- _Assignment_
Only one stretch of the data below is wanted: the lines starting at the one with "Equality of the" and ending at the one with "Sau đó, ban", both included, given again exactly.
** Data for the task follows **
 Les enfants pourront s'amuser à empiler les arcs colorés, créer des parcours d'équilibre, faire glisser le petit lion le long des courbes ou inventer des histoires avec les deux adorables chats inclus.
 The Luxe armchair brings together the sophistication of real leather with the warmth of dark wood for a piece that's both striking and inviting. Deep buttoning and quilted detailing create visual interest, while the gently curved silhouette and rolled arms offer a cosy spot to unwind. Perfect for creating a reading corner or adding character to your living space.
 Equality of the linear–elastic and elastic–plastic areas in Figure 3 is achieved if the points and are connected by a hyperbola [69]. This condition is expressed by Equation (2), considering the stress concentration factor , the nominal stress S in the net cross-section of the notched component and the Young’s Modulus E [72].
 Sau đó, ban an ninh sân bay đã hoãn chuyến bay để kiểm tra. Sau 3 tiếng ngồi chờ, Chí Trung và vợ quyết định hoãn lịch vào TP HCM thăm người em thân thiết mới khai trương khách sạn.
** End of Data for the task **
** Data for the task follows **
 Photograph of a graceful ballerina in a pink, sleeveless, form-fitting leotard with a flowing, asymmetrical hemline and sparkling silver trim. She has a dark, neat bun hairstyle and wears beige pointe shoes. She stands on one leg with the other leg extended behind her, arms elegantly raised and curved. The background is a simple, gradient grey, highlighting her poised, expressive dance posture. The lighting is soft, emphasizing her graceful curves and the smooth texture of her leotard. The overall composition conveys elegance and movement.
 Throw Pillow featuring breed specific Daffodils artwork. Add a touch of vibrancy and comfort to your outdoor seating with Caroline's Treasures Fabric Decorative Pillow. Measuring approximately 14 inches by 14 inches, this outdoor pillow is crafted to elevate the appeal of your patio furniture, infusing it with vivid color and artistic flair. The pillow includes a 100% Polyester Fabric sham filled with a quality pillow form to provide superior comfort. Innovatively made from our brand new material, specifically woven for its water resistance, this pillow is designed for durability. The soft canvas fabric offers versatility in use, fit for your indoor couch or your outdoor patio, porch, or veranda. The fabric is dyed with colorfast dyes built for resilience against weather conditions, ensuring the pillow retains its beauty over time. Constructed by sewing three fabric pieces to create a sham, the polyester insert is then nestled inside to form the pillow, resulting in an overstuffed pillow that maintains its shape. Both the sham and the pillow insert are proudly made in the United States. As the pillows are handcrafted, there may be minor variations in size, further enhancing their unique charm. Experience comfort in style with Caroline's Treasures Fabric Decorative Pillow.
** End of Data for the task **
- _Exercise solution_
 Equality of the linear–elastic and elastic–plastic areas in Figure 3 is achieved if the points and are connected by a hyperbola [69]. This condition is expressed by Equation (2), considering the stress concentration factor , the nominal stress S in the net cross-section of the notched component and the Young’s Modulus E [72].
 Sau đó, ban an ninh sân bay đã hoãn chuyến bay để kiểm tra. Sau 3 tiếng ngồi chờ, Chí Trung và vợ quyết định hoãn lịch vào TP HCM thăm người em thân thiết mới khai trương khách sạn.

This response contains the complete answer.